Ability to expose only the required API surface (e.g., text, metadata, page‑range, search).
Reduced bundle size and a smaller security surface compared to monolithic libraries.
Facilitates tighter integration with business logic such as authentication, rate‑limiting, or caching.

How to Set Up a TypeScript‑Based Node.js Project

Initialize the project: npm init -y
Install runtime dependencies: npm install express cors file-upload pdf-parse
Install development dependencies: npm install -D typescript ts-node nodemon @types/node @types/express @types/cors @type/file-upload
Generate a TypeScript configuration file: npx tsc --init and adjust the target/module as needed.
Create a basic Express server that reads the PORT environment variable and starts listening.

Core Implementation: The Basic Parse Function

The central function accepts a Uint8Array representing the uploaded file, creates a pdf‑parse instance, and returns an object containing:

text – the extracted text (empty string if none).
info – author, title, creation date, etc.
numpages – total page count.

Both getText() and getInfo() are awaited to avoid blocking the event loop.

Adding Page‑Specific Extraction

Expose a second endpoint that accepts startPage and endPage query parameters.
Validate the range against the document’s total page count.
Slice the extracted text to the requested range and return it with the original metadata.

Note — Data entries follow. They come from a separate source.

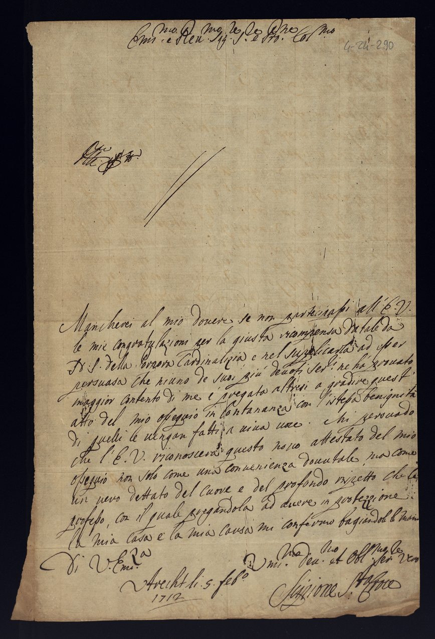 Lettere di congratulazioni per la promozione di sua eccellenza al cardinalato
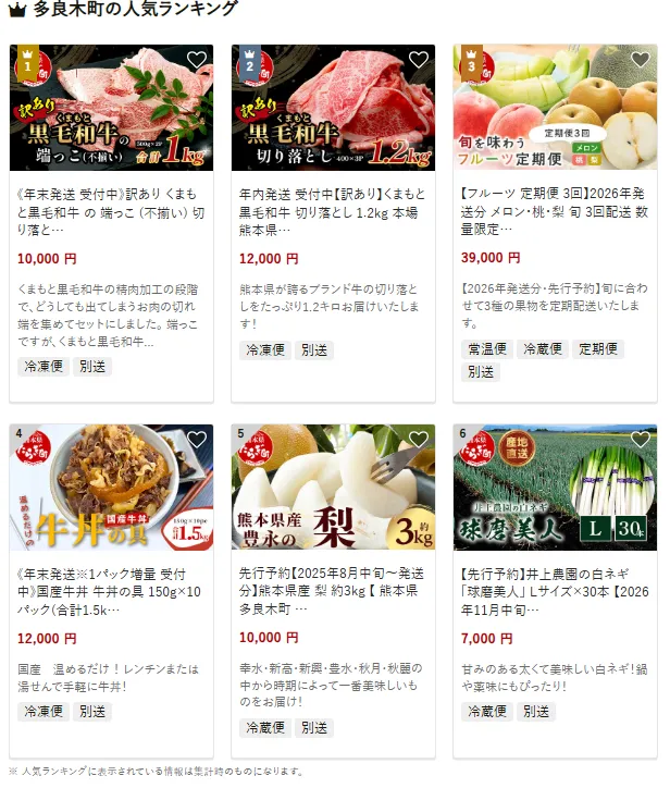 多良木町で人気の返礼品は熊本が誇るブランド牛「くまもと黒毛和牛」の訳あり切り落としです。1kgや1.2kgの大容量で年末までにお届けします。他にも季節の果物を3回に分けて楽しめる定期便も人気で、肥後グリーンメロンや球磨の桃、豊永の梨が旬に合わせてお届けします。
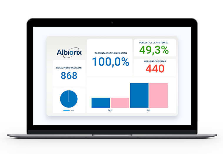 Con ALBIORIX podrás planificar y proyectar turnos, controlar asistencia en tiempo real y calcular con exactitud las horas trabajadas.
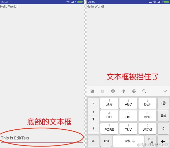 与ios不同的是,android默认软键盘弹出时页面是不会被向上推起的,这样会导致软键盘遮挡住输入框,带来不好的用户体验。
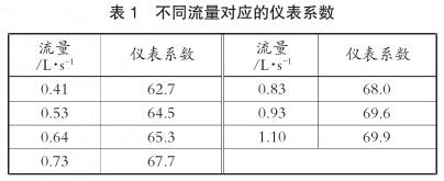 其中自變量為流量,因變量為儀表系數(shù)。當(dāng)流量介于0.4~1L/s時(shí),采用式(1)進(jìn)行計(jì)算;當(dāng)流量超過(guò)1.1L/s時(shí),保持儀表系數(shù)恒為69.9。
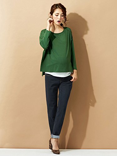 - ●【産前~産後まで使えるテーパードデニムパンツ】コットンデニムで肌にも優しい。お腹部分はやわらかい天竺カットソー。後ろ両サイドにサイズ調節用のアジャスターが付いています。前スナップとファスナーが開くのでウエストインスタイルも楽しめます。
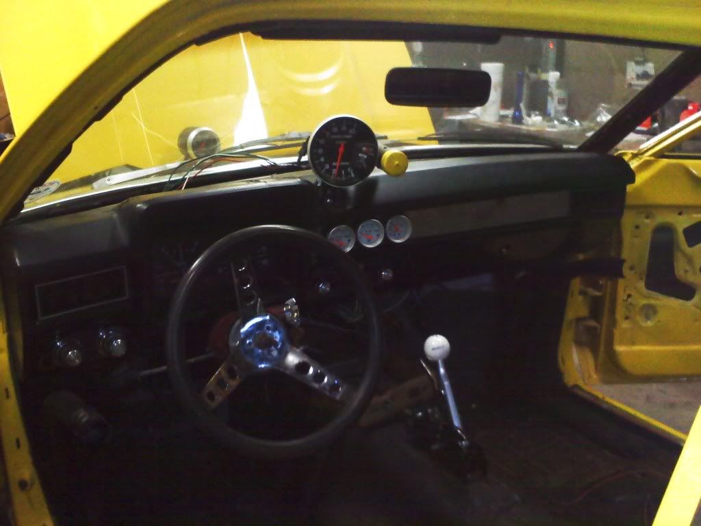 interiror is one big kirkey race seat to fit a wookie In a pinto, passenger seat is 65 mustang bucket, made a custom dash panel to cover up the last owners attempt to put guages in the dash, but Im now planning on using efi analytics Shadow dash software and a 7" tablet in the car.... so need to make a mount for that...
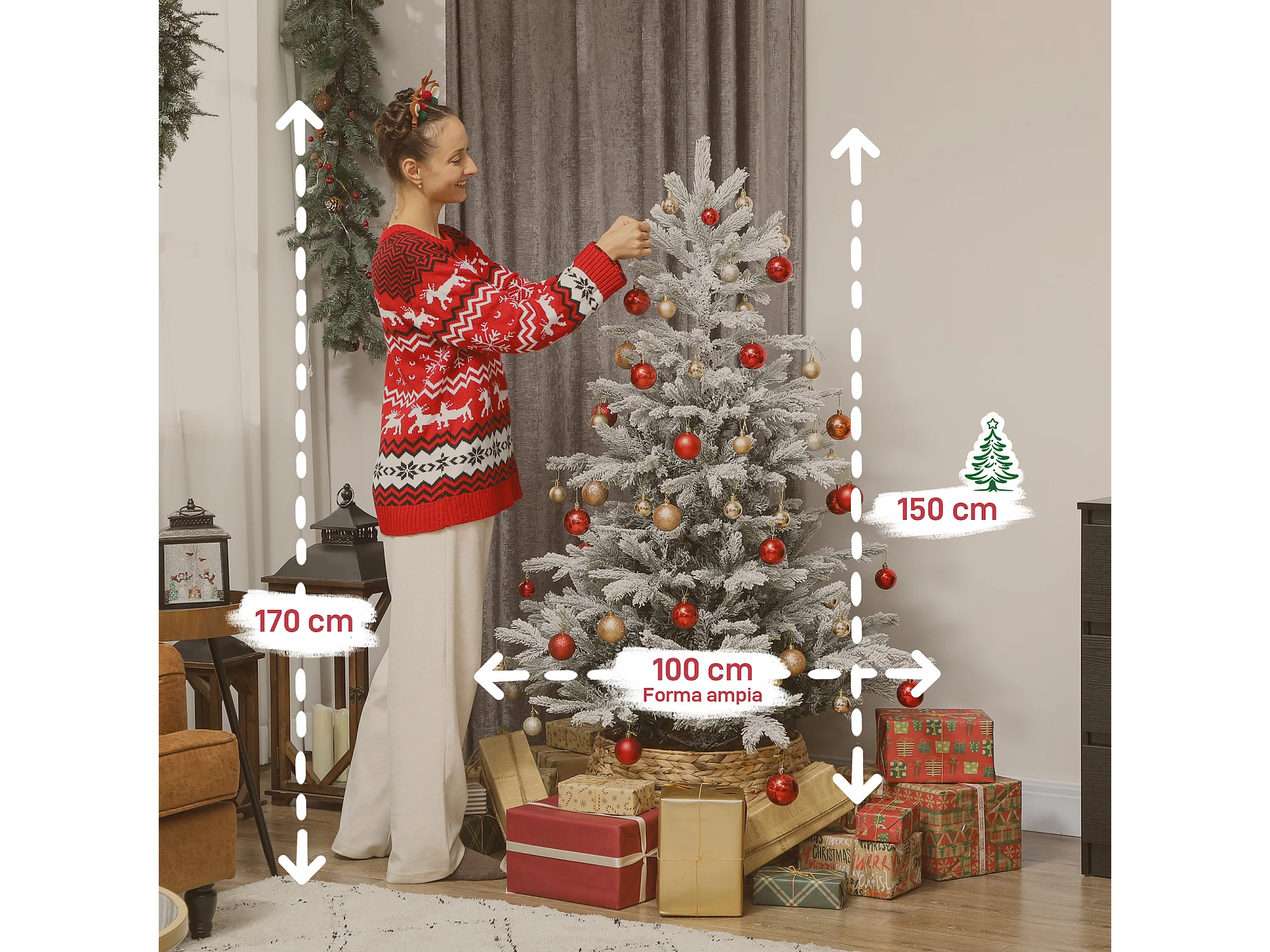 Albero di natale innevato alto 150 cm con base in metallo pieghevole
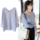 2016秋装新款韩国学院风衬衣女V领露背上衣学生宽松百搭长袖衬衫
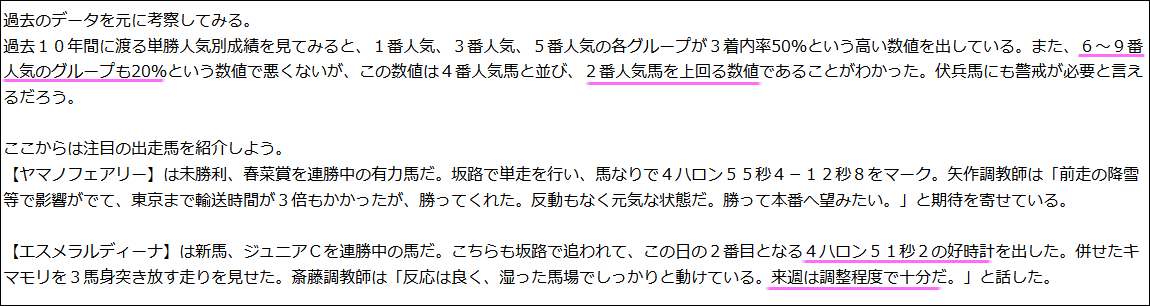 毎週重賞1レースの傾向注目馬2頭を公開しているコンテンツで、基本的には堅実な馬2頭を紹介しています。しかし、先週はヤマノフェアリー(3番人気)とエスメラルディーナ(6番人気)を選んでおり、ただ人気馬を紹介しているわけではないようです。
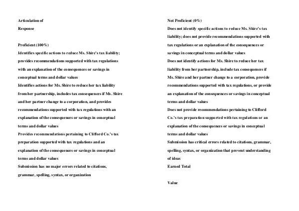 Not Proficient( 0 %) Does not identify specific actions to reduce Ms. Shire’ s tax liability; does not provide recommendations supported with tax regulations or an explanation of the consequences or savings in conceptual terms and dollar values Does not identify actions for Ms. Shire to reduce her tax liability from her partnership, include tax consequences if Ms. Shire and her partner change to a corporation, provide recommendations supported with tax regulations, or provide an explanation of the consequences or savings in conceptual terms and dollar values Does not provide recommendations pertaining to Clifford Co.’ s tax preparation supported with tax regulations or an explanation of the consequences or savings in conceptual terms and dollar values Submission has critical errors related to citations, grammar, spelling, syntax, or organization that prevent understanding of ideas Earned Total
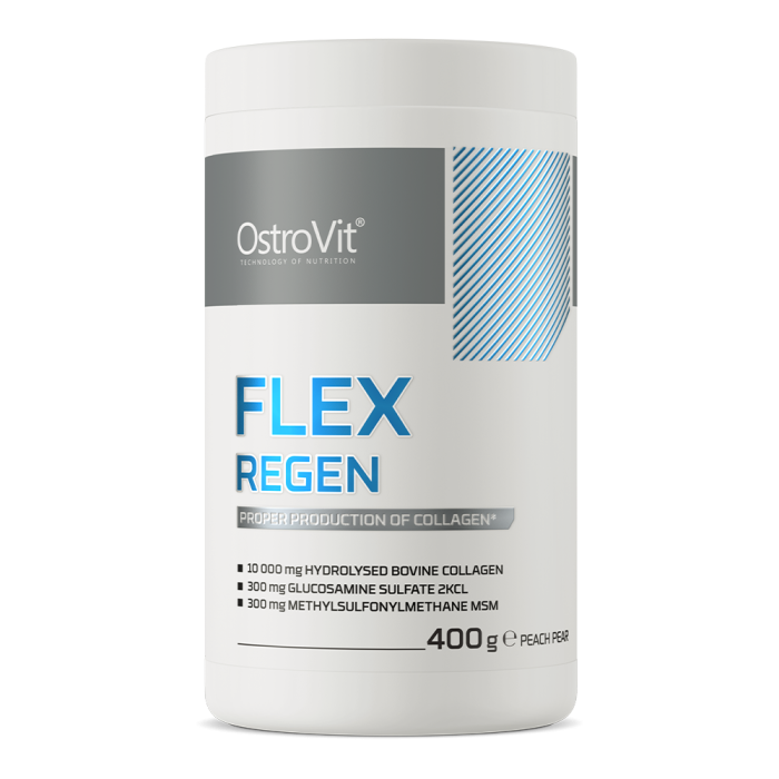 Flex Regen ist eine komplexe Gelenknahrung, die eine Quelle wertvoller Stoffe wie Kollagen, Kalzium, Glucosamin und ausgewählte Vitamine ist. Dank Kalzium unterstützt esdie Erhaltung gesunder Knochen und die richtige Muskelfunktion. Es enthält auch Vitamin C, das zur normalen Bildung von Kollagen und der ordnungsgemäßen Funktion von Knochen oder Knorpeln beiträgt. Es wird von allen geschätzt, die sich optimal um ihren Bewegungsapparat kümmern wollen.

Providing a Lightweight Metadata‑Only Endpoint

Implement a function that calls pdfParse.getInfo() without invoking getText().
Normalize date strings and supply placeholder values for missing fields.
Return a concise JSON object that can be used for preview or indexing.

Implementing Full‑Text Search

Write a search utility that iterates over each page, applies a case‑sensitive or case‑insensitive pattern, and captures a 100‑character context around each match.
Return a structured result with total matches, the query, and an array of matches (page, position, snippet).

Handling Common Edge Cases

Corrupted or malformed PDFs – wrap parsing in try‑catch and return a 400‑type error.
Password‑protected PDFs – either reject them or accept a password and pass it to the parser if supported.
Scanned image‑based PDFs – integrate an OCR library (e.g., Tesseract) for text extraction.
Special‑character encoding – ensure the application uses UTF‑8 and test with non‑Latin scripts.

Testing with Jest and Supertest

Install test dependencies: npm install --save-dev jest ts-jest @types/jest supertest @types/supertest
Write unit tests for each endpoint (upload, metadata, page‑range, search) using Supertest to simulate HTTP requests.
Mock the file‑upload middleware and the pdf‑parse library to keep tests fast and deterministic.
Run the suite with npm test and generate a coverage report to ensure critical paths are exercised.

Deploying the API

Build the TypeScript source: npm run build (typically compiles to a dist folder).
Start the compiled server with npm start or use a platform‑specific start script.
Configure environment variables for PORT and any future secret (e.g., OCR service key).
Consider production enhancements: rate‑limiting, structured logging (Winston/Pino), monitoring (Sentry), and optional caching of metadata.

Integrating into a SaaS Application

Expose the API behind an authenticated gateway to enforce per‑user quotas.
Cache metadata for frequently accessed documents to reduce processing time.
Extend the service to handle other document types (DOCX, XLSX) by following the same pattern.
Offer asynchronous processing via a job queue for large files or batch uploads.